- The BYO logo
- Studio albums: 85
- EPs: 2
- Live albums: 1
- Compilation albums: 13
- Singles: 15
- Video albums: 1
- Box sets: 1

= BYO Records discography =

The discography of BYO Records, an independent record label based in Los Angeles, consists of 118 releases: 85 studio albums, one live album, 13 compilation albums, 2 EPs, 15 singles, one video album, and one box set.

BYO (Better Youth Organization) Records was started in 1982 by brothers Shawn and Mark Stern of the band Youth Brigade. The label's first release was the compilation album Someone Got Their Head Kicked In!, showcasing a number of Los Angeles punk rock acts. This was followed by Youth Brigade's debut album Sound & Fury, released in limited numbers and re-recorded the following year with a different track list. Over the next few years the label released albums by notable acts including 7 Seconds, SNFU, and Jr. Gone Wild.

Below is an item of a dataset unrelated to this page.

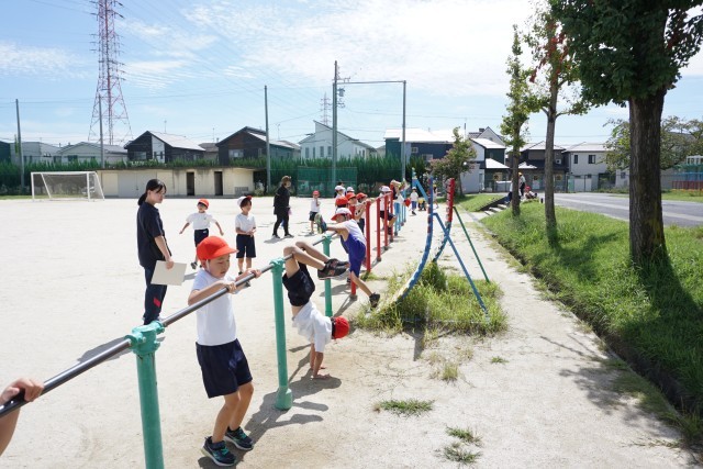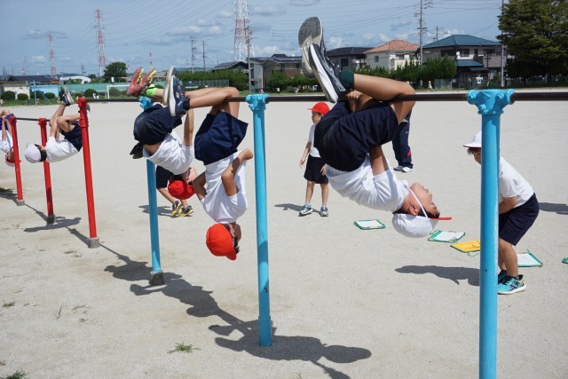 2年生の体育の学習です。今日は鉄棒のいろいろな技に挑戦しました。つばめ、豚の丸焼き、こうもりなど自分のできる技を見合ったり、新しい技を教え合ったりしました。

The label was inactive from 1988-1990. It was revived in 1991 in conjunction with the Sterns' new act Royal Crown Revue and the revival of Youth Brigade. During the punk rock revival of the 1990s BYO released albums by Jughead's Revenge, The Bouncing Souls, Automatic 7, Hepcat, 22 Jacks, Terrorgruppe, Pezz, Jon Cougar Concentration Camp, and others. The BYO Split Series was launched in 1999, a series of split albums featuring two bands per release; it lasted until 2004 and comprised five albums.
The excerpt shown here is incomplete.